Tue Nov 17 07:06:39 UTC 2015

> On Nov 16, 2015, at 11:44 PM, Alfred Perlstein <bright at mu.org> wrote:
> 
> Warner, thanks for addressing this email.  I think I wasn't clear which lead to some misunderstanding.  I'll keep this reply succinct and the rest of it inline.  Please don't take the succinctness as anything other than getting to the point.
> 
> On 11/16/15 10:22 PM, Warner Losh wrote:
>> 
>> 
>> On Mon, Nov 16, 2015 at 6:53 PM, Alfred Perlstein <bright at mu.org> wrote:
>> 
>> 
>> 
>> On 11/14/15 9:16 AM, Warner Losh wrote:
>> On Fri, Nov 13, 2015 at 11:15 PM, Elizabeth Myers <elizabeth at interlinked.me>
>> wrote:
>> 
>> You are seriously going to use "we're not NetBSD" as an argument?
>> 
>> You noticed I didn't reply to it. The argument is completely lame. FreeBSD
>> runs
>> today in a variety of markets. Some new, some not so new. The thing that
>> makes
>> each of these areas unique is that there's a thriving community around them,
>> FreeBSD still runs well enough on these machines to get something done, and
>> when things break, they get fixed in a timely manner.
>> 
>> Alpha was removed because it got broken by some changes, and stayed broken
>> for a long time despite repeated requests to fix it. Sparc64 is on the cusp
>> of that:
>> some minor things are broken, but have been fixed. The current crisis is
>> due to
>> the end of life of gcc in the tree and its fallout coupled with some
>> neglect of the
>> port due to time constraints.
>> 
>> At first I was all for removal. With more data, I'm less sure. If the
>> promises are kept
>> made in this thread, it looks to remain viable for a while, though the lack
>> of a
>> qemu-user solution means that packages for a slow platform (where they are
>> really quite useful) will remain limited. Maybe there's enough hardware
>> around
>> that third-party pkg repos can fill the gap, maybe not. I think we should
>> experiment
>> with this model and see what it produces.
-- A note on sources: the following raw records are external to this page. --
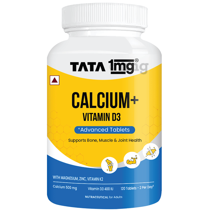 Tata 1mg Calcium + Vitamin D3, Zinc, Magnesium and Alfalfa Tablets for Joint Health & Immunity It is a dietary supplement formulated with calcium citrate, vitamin D3, vitamin K2, alfalfa, magnesium and zinc that fulfils nutritional needs and supports bone, joint and muscle care. It may help in muscle contraction, muscle building and flexibility of joints. Vitamin D3 may help improve bone health.
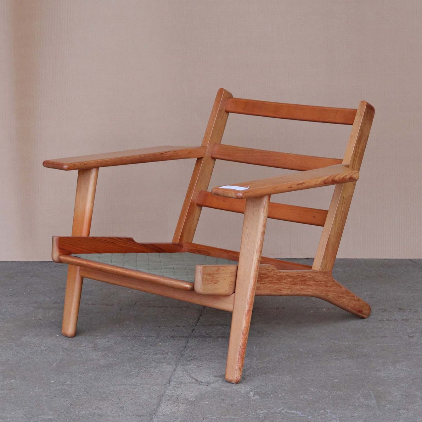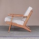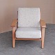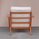 Lænestol med stel i lakeret lyst teaktræ og hynder med springfjeder. Hynderne er betrukket med meleret råhvidt uldstof. Model GE 290
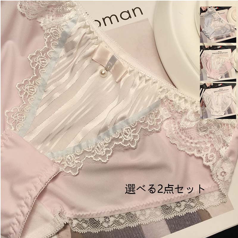 ショーツ 2点セット レディース 下着パンツ レース 蝶結び セクシー 巻き込みにくい 通気性 スタンダード ランジェリー 女性用 インナー きれいめ おしゃれ
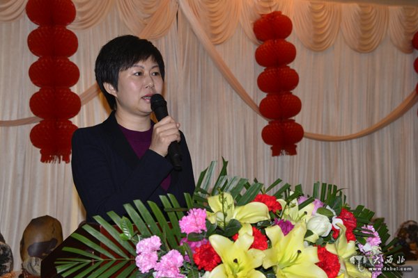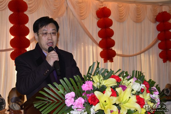 甘肃省观赏石协会会长胡云华在会上作协会工作报告。 贾笑云 摄
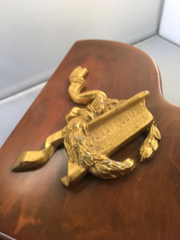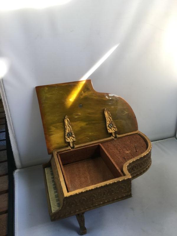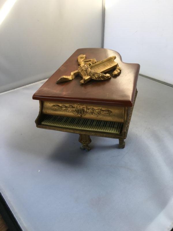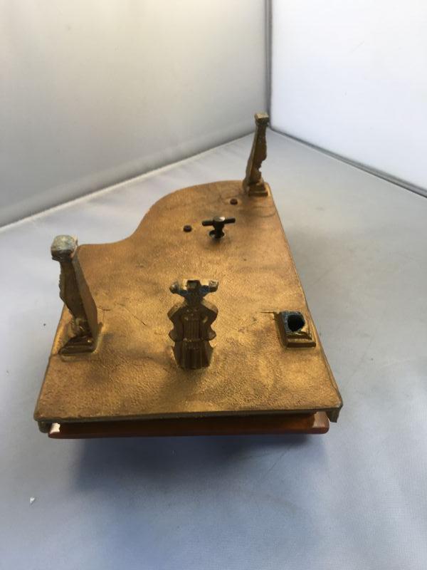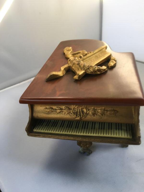 Missing one leg but stand very well and it plays music 8.5" X 5" X 4".great. Measures
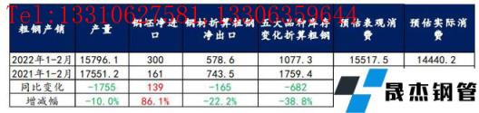 綜上所述,1-2月粗鋼實(shí)際消費(fèi)同比降幅僅為5%,明顯高于市場預(yù)期。但從后期供需預(yù)估表現(xiàn)來看,厚壁無縫鋼管復(fù)產(chǎn)節(jié)奏或高于需求釋放力度,進(jìn)而使得消費(fèi)承壓,價(jià)格上漲難度加大。
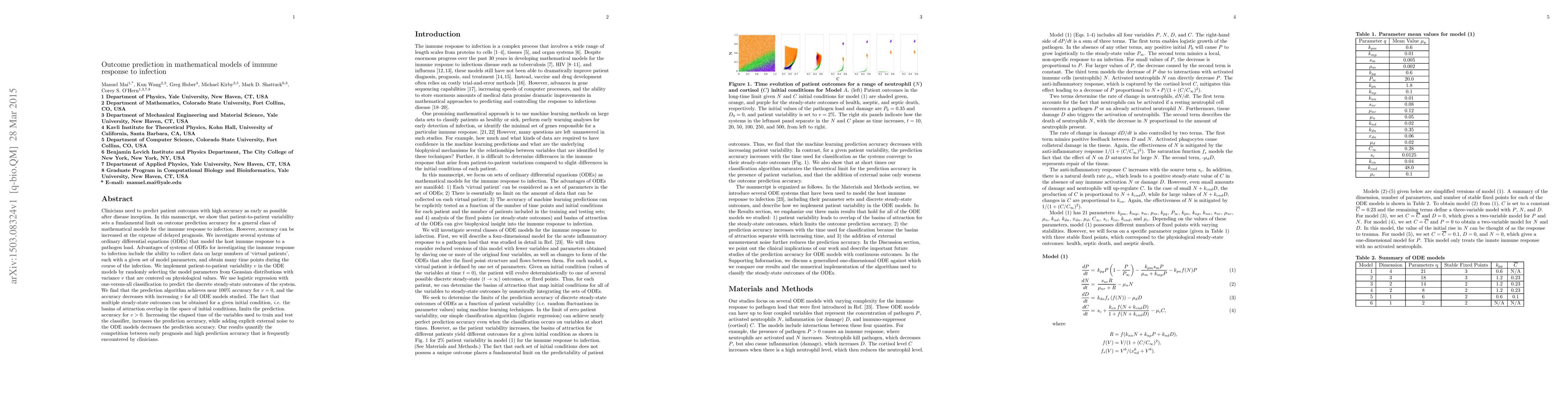 Clinicians need to predict patient outcomes with high accuracy as early as possible after disease inception. In this manuscript, we show that patient-to-patient variability sets a fundamental limit on outcome prediction accuracy for a general class of mathematical models for the immune response to infection. However, accuracy can be increased at the expense of delayed prognosis. We investigate several systems of ordinary differential equations (ODEs) that model the host immune response to a pathogen load. Advantages of systems of ODEs for investigating the immune response to infection include the ability to collect data on large numbers of `virtual patients', each with a given set of model parameters, and obtain many time points during the course of the infection. We implement patient-to-patient variability $v$ in the ODE models by randomly selecting the model parameters from Gaussian distributions with variance $v$ that are centered on physiological values. We use logistic regression with one-versus-all classification to predict the discrete steady-state outcomes of the system. We find that the prediction algorithm achieves near $100\%$ accuracy for $v=0$, and the accuracy decreases with increasing $v$ for all ODE models studied. The fact that multiple steady-state outcomes can be obtained for a given initial condition, i.e. the basins of attraction overlap in the space of initial conditions, limits the prediction accuracy for $v>0$. Increasing the elapsed time of the variables used to train and test the classifier, increases the prediction accuracy, while adding explicit external noise to the ODE models decreases the prediction accuracy. Our results quantify the competition between early prognosis and high prediction accuracy that is frequently encountered by clinicians.
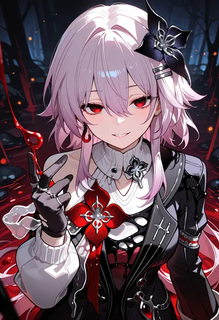 기본 복장: 비대칭 옷, 어울리지 않는 소매, 한쪽 어깨만 덮는 스웨터, 퍼프 소매, 어깨 절개, 층층이 입은 옷, 재킷 밑의 스웨터, 검정 재킷, 라펠, 은색 장식, 장식용 지퍼, 빨간 액센트, 검은 슬라임(물질), 떨어지는, 액체 무늬, 꽃 브로치, 보석, 찢어진 검정 장갑, 은반지, 회색 손톱, 허벅지 스트랩, 발목 부츠, 단추가 단 부츠, 빨간 밑창, 신발 꽃, 한쪽 귀걸이, 머리 장식, 머리클립
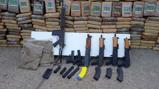 Um quinto fuzil é de fabricação nacional, mas trazia um brasão da Venezuela, indicando ter sido possivelmente desviado de alguma força de segurança daquele país. Já as pistolas apreendidas foram produzidas na Áustria, também na Europa.
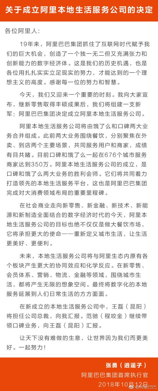 據(jù)悉,阿里巴巴集團(tuán)合伙人王磊(花名昆陽(yáng))將擔(dān)任阿里本地生活服務(wù)公司總裁,向阿里集團(tuán)CEO張勇匯報(bào),并兼任餓了么CEO;阿里巴巴集團(tuán)副總裁范馳(花名程咬金)將繼續(xù)帶領(lǐng)口碑業(yè)務(wù),向王磊匯報(bào)。M36安康新聞網(wǎng)
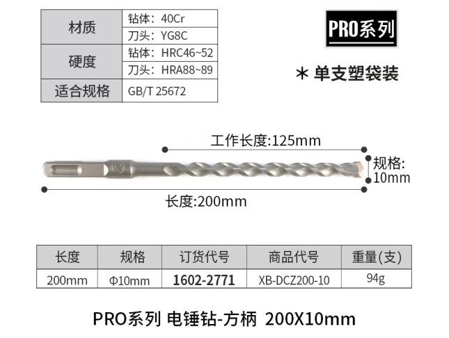 田岛(TAJIMA)日本TAJIMA电锤钻头冲击方柄钻头混凝土穿墙钻头打孔电镐凿子电钻 电锤钻方柄200 x10mm1602-2771

Give the branching of 11 as the
>> deadline
>> to show something viable...
>> 
>> One of the things I never understood about FreeBSD's method of maintaining a port was the way the platform porting was done.  We really do things in a different manner than what my perception of other OSes is.
>> 
>> My impression (please do correct me if I'm wrong) was that other OSes such as NetBSD and Linux had "platform maintainers".
>> 
>> These maintainers were around to:
>> 1) keep the ship sailing on those platforms
>> 2) guide the general code base from becoming non-portable to other architectures (within reason).
>> 3) drive the release of the architecture in question, helping the release engineer with image building and release testing.
>> 
>> For point 1 above, what that meant to me was that let's say Linus or NetBSD in general wanted to do a major or minor change on a tier 1 platform, then it was the responsibility of the *platform maintainers* to do the work on the non tier-1 platforms to keep them up to date.  Those "platform maintainers" kept those ships sailing and in return they got to be called "the $arch maintainer" which looks plenty good on a resume and also feels good for those that get excited for status.
>> 
>> I'm not sure how the people that actually take care of these things on FreeBSD differ.  There are people
>> recognized as go-to people for the different ports that are fairly active in the on-going issues that come
>> up with kernel code. Userland code doesn't seem to matter that much given the platforms we support.
>> 
>> For PowerPC, you have Nathan W and Justin Hibbits. For mips, there's Adrian, myself, Julie Mallet and a few
>> others. For arm there's a long cast of characters. For PC98 there's Takahashi-san. For sparc64 there's Marius.
>> These people keep the ship sailing (or in some cases they remove the ship form the tree). They advise
>> discussions about issues that are relevant to the platform, like cache lines and cache coherence,
> 
> This is how we diverge:
>> they call people out when they break these platforms or when people used to big systems adjust the
>> tuning and break small systems.
> That is not done as far as I can tell in NetBSD/Linux.   In Linux/NetBSD it is the job of the maintainer to keep the platform up to date, not to call out when someone breaks it.
> 
> Meaning ideal:
> "Oh someone broke alignment in this struct on my platform, let me ask them how to fix it."
> 
> As opposed to (not ideal):
> "Something broke my platform, let me track that guy down and make them fix it.”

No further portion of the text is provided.